Michael Douglas with, from left, Benicio Del Toro, Ming-Na, 
Edward Norton and Mel Gibson Whoopi Goldberg and Edward Norton
Norman Lear Winona Ryder and Kevin Spacey

People Magazine, 7/23/01

Mel, Whoopi and a host of celebs celebrate life, libery and the document that announced America's freedom

We hold these truths to be self-evident: All men are created equal, but some can draw a larger crowd than others. So when TV producer Norman Lear launched a campaign to publicize one of this country's most celebrated documents, the Declaration of Indepnedence, he enlisted the help of some of America's most famous citizens, including Michael Douglas, Whoopi Goldberg, Kevin Spacey and Mel Gibson. "Star power seems to be pervasive in our culture, whether you're selling a sneaker or a can of paint," says Lear, creator of All in the Family and a slew of other sitcoms, "This is selling the very concept of the United States of America."

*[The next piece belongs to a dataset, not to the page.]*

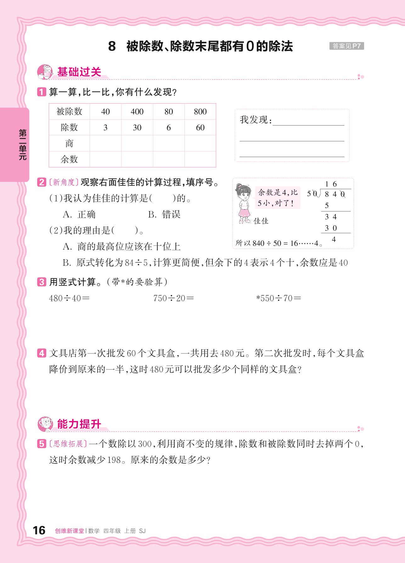 2024秋上册四年级数学苏教版 第二单元 两、三位数除以两位数——8. 被除数、除数末尾都有0的除法

Last year Lear and a partner paid $8.14 million in an Internet auction for an original broadside of the Declaration - one of only 25 still in existence, all of which were printed in Philadelphia on July 4, 1776. On this July 4, the nation's 225th anniversary, he gatheres an all-star cast in that city to perform a dramatic reading of the text before an estimated million onlookers. The event kicked off what Lear calls the Declaration of Independence Road Trip, in which the document will tour the country for at least three years, starting Sept. 14 at the Ronald Regan Presidential Library in Simi Valley, Calif. Lear hopes the attention will encourage young people to vote. But he'd also be pleased if they learned to share his appreciation of Thomas Jefferson's way with words. "Anything that can live for these hundreds of years," Lear says, "has to be pretty good writing."


Photo Captions

Michael Douglas (rehearsing July 4 in Independence Hall with, from left, Benicio Del Toro, Ming-Na, Norton and Mel Gibson) says the event meant a lot to him since his mother was an immigrant. "This reminds you of the risk these people took," he says of the Founding Fathers.

Whoopi Goldberg and Edward Norton review Jefferson's lines.

Norman Lear calls his copy of the Declaration "a gift to the world."

Kevin Spacey (with Winona Ryder) describes the Declaration as "a measure of who we are."

"They were sick and tired of the baloney they were going through," Mel Gibson (center, reading the opening lines outside the Philadelphia Museum of Art) says of the signers.